Let's use this platform to foster constructive debate

sanctimonious sniping

You've gone way too far for that already. Dial back your own bullshit first.

We're all here because we give a damn about the world and its future, right?

Stop trying to hush people on a leftist shitposting forum for posting in ways you don't approve of.
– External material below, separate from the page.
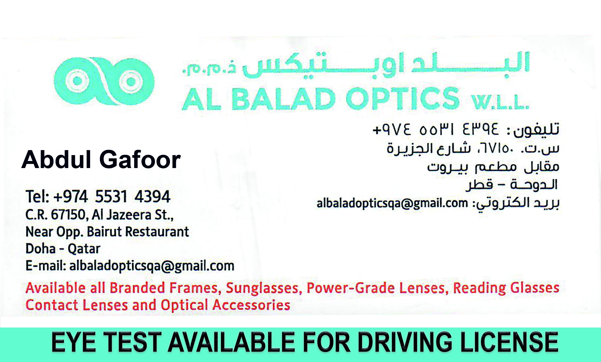 Al Balad Optics W.L.L. offers premium eyewear and professional eye care services in Qatar. Explore prescription glasses, contact lenses, and designer sunglasses with expert vision testing.

At this point I can't help wonder if you own a Tesla, considering how often you whine about me posting my-hero 's latest clown antics.

[-] AlbedoORourke@hexbear.net 5 points 1 day ago

yeah, I'm gonna just drop "disengage" again and next time maybe just don't reply to my comments please?

[-] UlyssesT@hexbear.net 6 points 1 day ago

It's probably still a problem, but I think a lot more overall entertainment value comes out of the same amount of electricity use and carbon waste in bideo bames than in hitting a prompt button over and over again to get a satisfactory cyberpunkerino waifu to go with the hundreds to thousands already in the spank bank folder.

[-] polpotkin@hexbear.net 3 points 1 day ago

I don't think Microsoft is trying to reopen a power plant because theres some sort of modernist gooning wave happening, but I could be wrong.

[-] UlyssesT@hexbear.net 1 points 1 day ago

I don't think Microsoft is trying to reopen a power plant because theres some sort of modernist gooning wave happening, but I could be wrong.

It is a small part of it, but the larger part of it is primarily coming from expansions of the corporate surveillance state and even more data collection, not like that's better.